Working with remotes internally
Hum it will not be too difficult for this, there is currently one function that deals with this: git_check_branch_origin
and it can easily be adapted to handle the remote in argument.
Displaying all the informations
Will the informations be displayed? Or is it just to setup the remotes correctly? If it is just to setup the remotes, we can imagine to have a format like folder | url | name | name_url | name2 | name2_url [...]
which permit a really simple configuration file for standard users, and allows advanced users to set more remotes. If the goal is to display informations, like which branches are synced and which not, we need to rethink the display. And I have already to scroll for seing all informations of my repositories, could be boring to have too much informations.

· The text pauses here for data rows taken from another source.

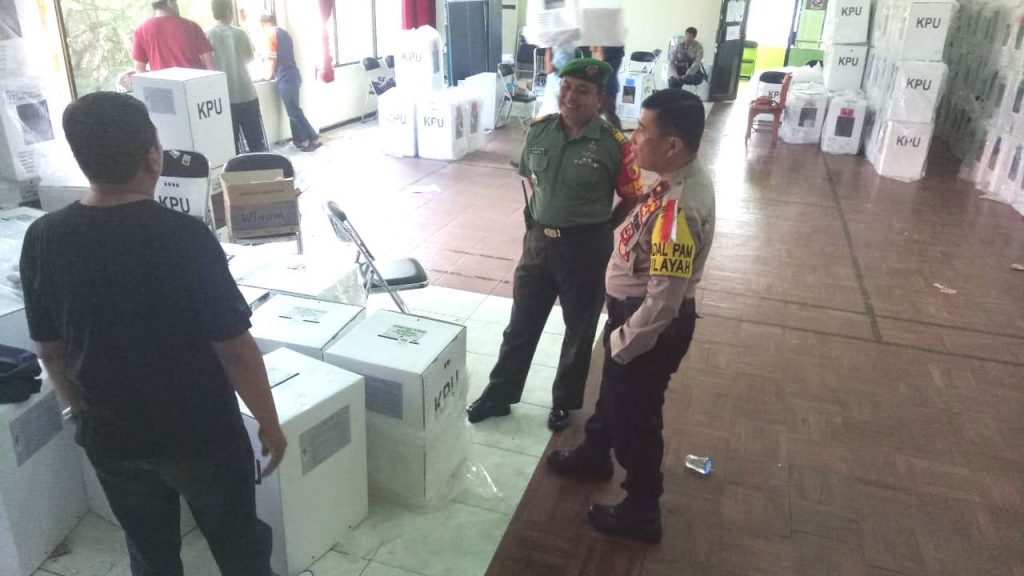 Kota Malang – Aparat Pengamanan TNI dari Kodim 0833 yakni Serda Sahrul Nasution dan sertu Heri P. yang bertugas sebagai Bintara Pembina Desa (Babinsa) wilayah kecamatan Klojen, melakukan pengawalan pengembalian logistik hasil penghitungan suara Pemilu 2019.
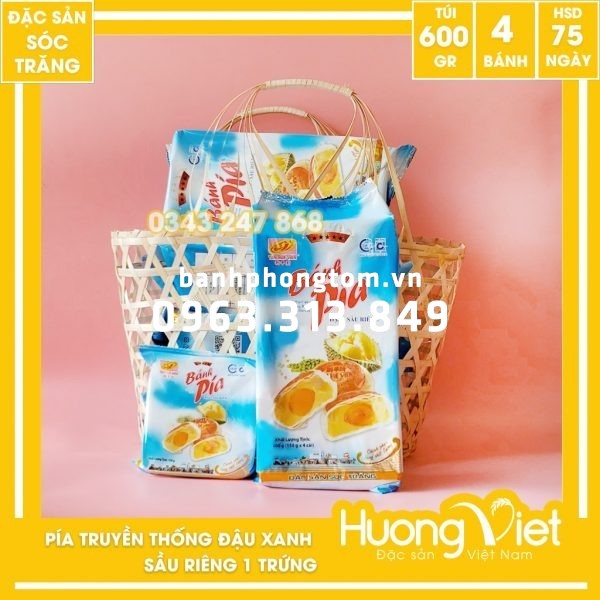 Bánh pía đậu xanh sầu riêng trứng 5 sao trọng lượng 600g là loại bánh to nhất của Tân Huê Viên được nhiều khách hàng chọn mua làm quà biếu bởi bao bì sang trọng và riêng biệt từng bánh giúp bảo quản bánh tốt hơn so với các loại bánh đựng trong cùng khuông
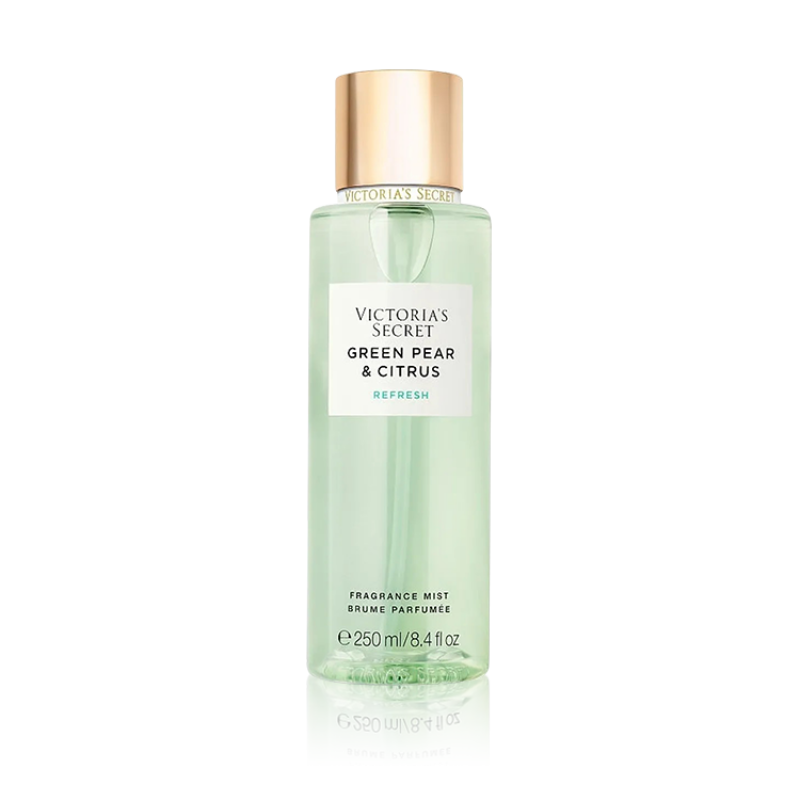 • معطر جسم  جرين بير اند سيتروس ريفريش من فيكتوريا سيكريت مزيج من رائحة الكمثرى، الحمضيات.

Also I must say that the display part is not the best written in this script
Speed concerns
I have near 40 repositories in my config, and it takes nearly 600 miliseconds on a decent computer to show the status. On my home computer it is even more. Complicating the config format means more parsing, what will increase the global time needed for all operations.
This enhancement could be a nice feature, but it implies big changes that also come with some drawbacks. My humble opinion is that bash is too complicated to do complex parsing and too slow to do complicate analysis. For me, gws
will stay a really interesting portable solution which "just works ©", but will never get really "big" because of bash, sadly.
It is also why I'm currently starting to write an evolution of this software in a more maintainable programming language: I want to have more powerful config files, more speed, more options, etc.
For all those reasons I'm not gonna to implement this myself in gws
, but if someone arrive with some acceptable solution, I'd be happy to include it.
Thanks for your answer and reasoning, @StreakyCobra. I didn't get (or missed) the notification about the comment, so sorry for the late reply :) I agree that bash makes things a bit complicated and can understand that you want to keep the whole thing simple. Like it is you can run it out of the box without installing any dependencies...
Soonish I will get a new computer and will have to migrate, that might be a good time to look into this :)
What would you think of the following format:
FOLDER | URL_1 [NAME_1] [ | URL_2 [NAME_2] ] [ | URL_n [NAME_n] ]
The separator between URL and NAME is a whitespace (or any other char). NAME_1
and NAME_2
would default to origin
and upstream
respectively. Like this the old format would still work but the user can change the names if he wants. And at the end of the line he can add as many additional URLs as he wants. That the run time increases as you keep adding remotes should be obvious :)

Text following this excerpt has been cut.